I have had problem with right degeneration of lower lumbar discs too. It has been a long recovery. My empathy to you all who suffer the same problem. I am recovering and would like to share my story, in hope to encourage everyone who is suffering with the same. Here is the sequence of what I have done to discover the exact nature of my pain and recovery (90%) so far.
1. Started with lost of daily mobility capability. Could not stand, sit, or walk for more than 5 minutes. Pain radiated from R. calf to buttock.
2. Physical therapy from July 2012 - December 2012 - very slow progress - muscles were getting stronger but still having lots of pain, especially the hamstring.
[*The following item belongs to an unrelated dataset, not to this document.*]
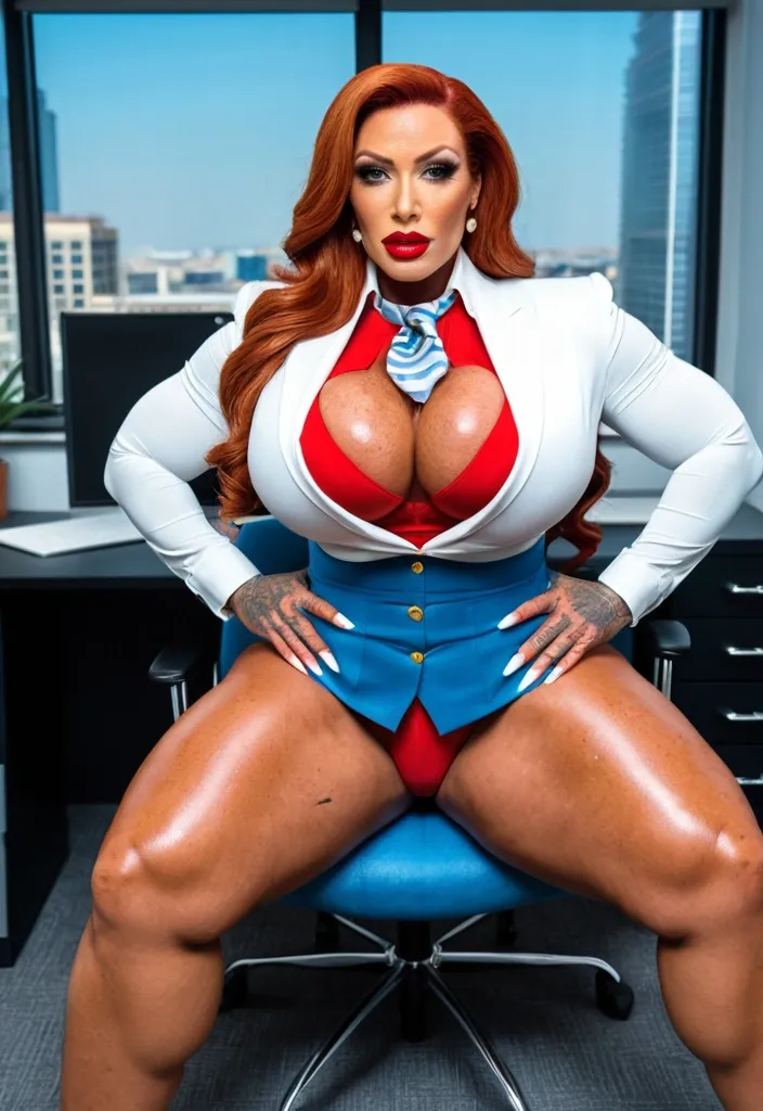 Generate Gorgeous female boss , 34 years old , bimbo , hourglass body , abnormally massive female bodybuilder , gorgeous , close up , full lips , big booty , redheaded , freckles on face and breast , 1940s styled hair , feminine silhouette , too big breast , big booty , sexy thighs abs , silhouette , up close , flexing biceps , beautiful green eyes , legs are iconic and defining physical feature , both visually and in terms of combat ability.wearing an outfit that is a striking blend of elegance , power , and femininity , designed to command attention in any room. The suit is tailored to perfection , hugging the wearer’s curves with precision while emphasizing a structured silhouette. The fabric itself is a refined grey tweed patterned with subtle white grid lines , giving the suit a texture that feels both sophisticated and modern. The blazer features broad blue lapels and gold button accents , adding a luxurious touch that elevates the look beyond typical business attire. The matching high-waisted trousers elongate the frame , further enhancing the poised and commanding effect of the ensemble.The styling choices amplify the boldness of the suit. The inner blouse is a silky , greybutton-down shirt that complements the tweed’s tone while introducing a softer , feminine balance to the sharp tailoring of the jacket. The blouse peeks out neatly from under the blazer , maintaining elegance without drawing focus away from the suit’s commanding cut. Accessories are kept minimal yet intentional: a delicate layered gold necklace and hoop earrings that add glimmers of light and luxury without overpowering the outfit. The choice of voluminous , honey-brown braids cascading down her shoulders frames the face with both confidence and glamour , completing the commanding visual.Altogether , this look communicates a blend of authority and allure. It is business-ready yet fashion-forward , balancing corporate structure with vibrant femininity. The color palette blue , grey and gold avoids being overly delicate , instead embracing the richness of texture , structure , and presence. This is the kind of ensemble that speaks to ambition , sophistication , and personal style—ideal for someone who thrives in positions of influence but insists on expressing her individuality with bold elegance. It’s not just clothing—it’s a statement of power wrapped in grace. In luxury living legs that could crush a watermelon , skirt high boots are a bold and striking statement piece , crafted in glossy black patent leather that gives them a sleek , polished finish. Rising to just below the knee , the boots feature three adjustable buckle straps along the shaft , adding both edge and detail to their design. The towering stiletto heel , paired with a thick platform sole , creates an ultra-dramatic silhouette that elongates the leg and exudes power and confidence. With their combination of shine , height , and structure , these boots perfectly balance fierce femininity with high-fashion allure. Enormous breast , small waist , enormous butt , sky blue blazer , white high collar blouse t-shirt , gold got tie necklace , sky blue blazer , sky blue skirt , sitting in cubicle at work , massive cleavage , enormous butt , sitting next to muscular African-American man wearing white shirt and red tie and grey slacks ,

Only flexing movements release the pain and also traction on lower back. Physical therapy twice a week.
3. Started to walk the stairs to rebuilt body strength and loose weight in January. Had an MRI that showed L3/L4 and L4/L5 were bulding. BUT major source of pain was/is due to Facet Joint Arthropathy on L5/S1.
4. Once figured out the source of pain causation, physical therapy were designed to accommodate the arthritis on L5/S1.
5. Cut out sugar and eat healthy. Must loose the excess lbs to make room and ease the pressure on the lower lumbars. Sugar is the major causes of inflammation; I was in so much pain daily that motivated me to stay off sugar.
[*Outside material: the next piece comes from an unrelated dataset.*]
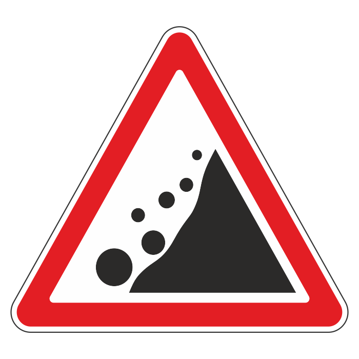 Дорожный знак 1.28 «Падение камней» (металл 0,8 мм, III типоразмер: сторона 1200 мм, С/О пленка: тип А инженерная) в Магнитогорске купить

As of today, I have lost 10 lbs - this is a must to ease the pressure on the joints; daily PT exercises to keep core muscles strengthen, daily stair climbing (77 steps up/down). A few days without the exercise would restart the pain.
Now, I am getting much stronger, can walk, stand for more than 10 minutes.
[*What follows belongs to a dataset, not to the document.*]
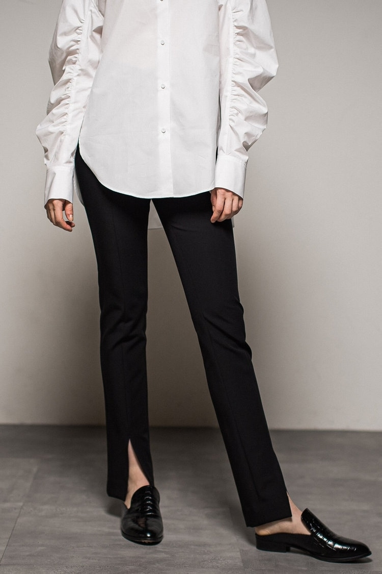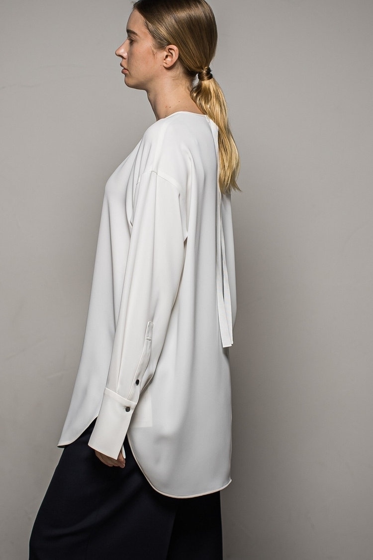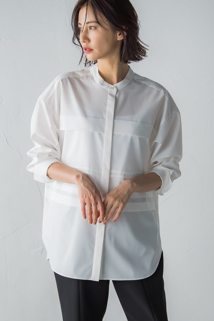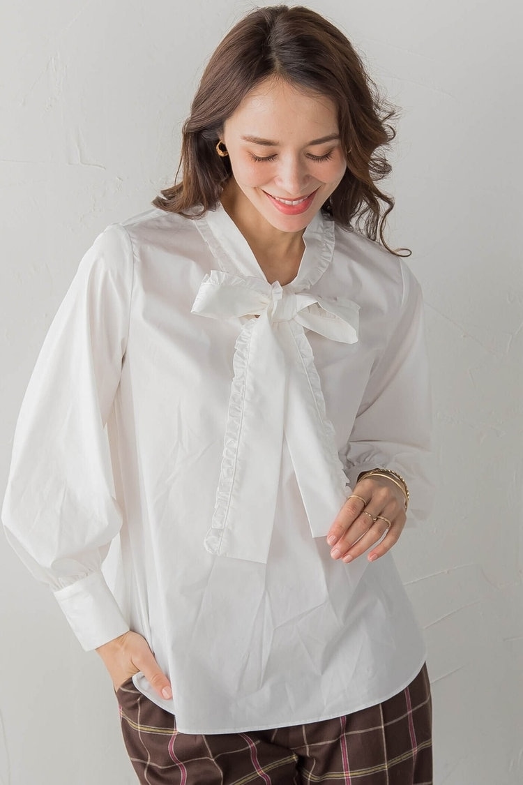 シンプルながら1枚でも着映えするブラウスは冬のマストアイテム

February 16, 2013 - 7:00pm
EmpowHER Guest
Anonymous (reply to Anonymous)

Correction: I meant to say "MRI that showed L3/L4 and L4/L5 were BULGING."

6. I also have degenerated disc on the cervical and am having neck traction twice a week which help tremendously.

7. I was 4'11" in 2010 and am now 4'10" - was 124 lbs and now 114 lbs. Still have 10 more lbs to loose.

February 16, 2013 - 7:13pm
EmpowHER Guest

Rosa and Anon-
Thank you both for you comments. Rosa- I, too, am a nurse. This injury happened at work and after more than five months of conservative treatment I am unfortunately not much better. I still have the radiculopaty and back pain. I lean more toward the radiological dx especially as time and therapy have made no difference. It is really discouraging to still have pain and to be unable to work due to lifting restrictions. I am not a fan of back surgeries either but I would like to seek a form of treatment that might offer recovery rather than management with opiates or drugs heavy on side effects and sedation. D.,RN

April 17, 2012 - 6:17am

Hi Anon,

When a disc is herniated, then it means that it has been bulged, torn, or broken-- this can cause pain, numbness, and weakness in that location. If the disc never broke and was bulging back in November but pressing on your root, then this is likely why the radiologist said it was a herniated disc. The good thing about a bulging disc is that with therapy or with time, it can actually come back into place or at least to the point where it is no longer pressing on a root. This may be why your orthopedic surgeon sees it as a bulging disc (which requires no surgical intervention) and not a herniated disc.

Personally, I'm not a fan of unnecessary spinal surgeries due to their risks-- but if you feel as though you need a second opinion, please do so. You can also ask for massage therapy as a form of treatment even if it is a bulging disc.